David Washburn, senior pastor of First Baptist Church in Waynesboro, Va., said his congregation of 460 is planning a budget of $835,000 for 2009, compared with $810,000 for 2008.

“Nothing that we planned has been curtailed,” he said. “We started a $350,000 capital campaign in April, a relatively small campaign for us, and we’re continuing to receive pledges. We didn’t scale back and pushed through with that.”

Still, Washburn said the church projected a decline in giving and may cut its mission funding dollars. He said his staff may have to get creative with purchasing fewer curriculum items per class and not underwriting book studies for adult classes.

“As a staff, we scaled back our continuing education budget,” he said. “I asked each staff member to roll it back this year to do our part to keep the budget in line.”

Matt Cook, pastor of Second Baptist Church in Little Rock, Ark., said his congregation is 10 percent behind budget, so, naturally, variable costs are an easy target.

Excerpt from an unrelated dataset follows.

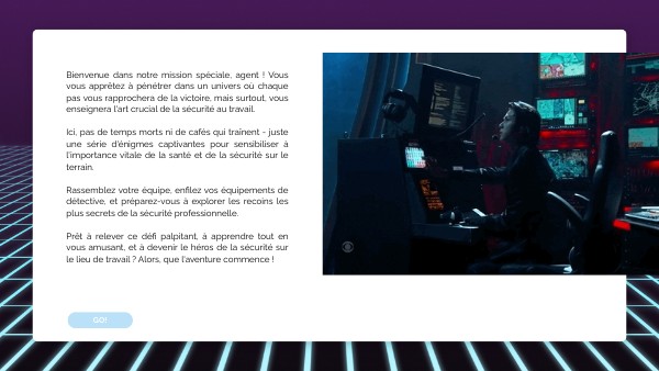 Bienvenue dans notre mission spéciale, agent ! Vous vous apprêtez à pénétrer dans un univers où chaque pas vous rapprochera de la victoire, mais surtout, vous enseignera l'art crucial de la sécurité au travail. Ici, pas de temps morts ni de cafés qui traînent - juste une série d'énigmes captivantes pour sensibiliser à l'importance vitale de la santé et de la sécurité sur le terrain. Rassemblez votre équipe, enfilez vos équipements de détective, et préparez-vous à explorer les recoins les plus secrets de la sécurité professionnelle. Prêt à relever ce défi palpitant, à apprendre tout en vous amusant, et à devenir le héros de la sécurité sur le lieu de travail ? Alors, que l'aventure commence !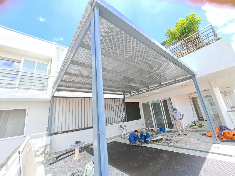 - Thử nước & Bàn giao: Phun nước áp lực cao để kiểm tra độ kín khít của mái hiên trước khi nghiệm thu.

Trying to avoid layoffs, Cook said the church will most likely limit the upcoming mission trip to Puerto Rico to those who can afford to pay for it. Another cut is in the funds the church distributes to the area’s poor. If previously Second Baptist Church helped poor non-members on a first-come, first-served basis with their unpaid bills, now Cook said the program will be limited to those with whom the church has established a relationship. On top of that, the church has put a freeze on every staff salary and is looking to cut its training budget.

Bobby Dagnal, pastor of First Baptist Church in Lubbock, Texas, said that he also expects a decline by the end of the fiscal year ending March 30, 2009. Still, the church has not seen a downturn in giving.

“I believe December will be telling as we normally have between 15-20 percent of our annual budget given in that single month,” he told EthicsDaily.com. “I’m prepared to see a decline in the range of 5 percent to 7 percent by fiscal year-end.”

Come what may, Dagnal’s church is prepared to weather the tough times by keeping some positions vacant and blending other responsibilities (for instance, those of pastoral care and senior adults) in the hands of a single employee. While anticipating further cuts in the 2009-10 budget, Dagnal said the reductions will most likely come in areas such as staff development and media.

On a positive note, the congregation has not postponed or canceled any major projects, and Dagnal drew a positive conclusion: “One of the benefits of this economic downturn is that it does make us even more aware of our role as stewards of the resources entrusted to us, and will lead to established practices of fiscal responsibility that need to be performed at all times and in all seasons ”good or bad.”

Short of naming the failure of mortgage-backed securities to create wealth ”for both private investors and the houses of worship as recipients of their largesse ”Matthew 6 has the pastors’ worries covered.

Alex Smirnov is a freelance writer and former EthicsDaily.com news writer.